I had assumed that the students would know what I meant when I said, "Make a number pattern."
Or maybe I was the problem - maybe my definition was too narrow and my expectations were based on my own previous experience and knowledge.
Anyway, here is what they produced:
So - we have a pattern of numbers being repeated. There were lots that looked like this. We could substitute the numbers for a colour or a shape and we would be back to where we were with our Unifix and Cuisinaire patterns.
Yes - it is a pattern.
No - it is not what I was expecting.
But wait, there's more...
Ok - so I can see counting by 2, 3 and 10. This is what I had anticipated. Obviously these students will win at the game of "Guess what the teacher is thinking".
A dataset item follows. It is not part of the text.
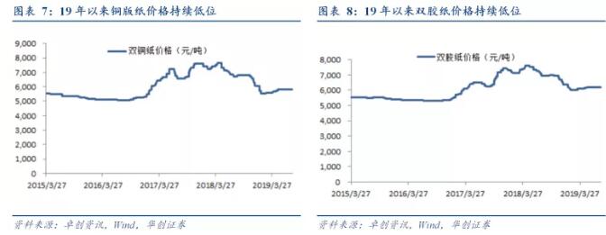 (二)雙膠和銅版等木漿系紙市場持續低迷,庫存未明顯去化 截至8月9日,雙膠紙價格為6192元/噸,環比下降0.13%;銅版紙價格為5833元/噸,與7月價格持平。18年9月中旬以來成品紙市場低迷,銅版和雙膠紙等木漿系紙由于終端低迷,中間環節貿易商及印刷廠主動減少采購,紙廠成品紙庫存累積導致紙價下跌,隨著紙價低迷及成品紙庫存提升,紙廠減少紙漿采購,紙漿貿易商港口庫存累積。

And some more sophisticated variations on these patterns:
Counting by 7s
Counting by 10 but off the decade
As I circulated and chatted, I came across one student who was mucking around with some rulers. Fortunately, I refrained from intervening - I was about to tell him to put them away.
He had made a simple 0-9 grid:
As I was about to move on, he laid down the rulers:
"Look at that!" he said. "There is a pattern that goes 2, 7, 2, 7 down the middle ruler. And the diagonal rulers are all the even numbers."
Very true - a nice observation.
Note to self: Do not interrupt. Give the students space to play and experiment. They will observe things that will surprise you.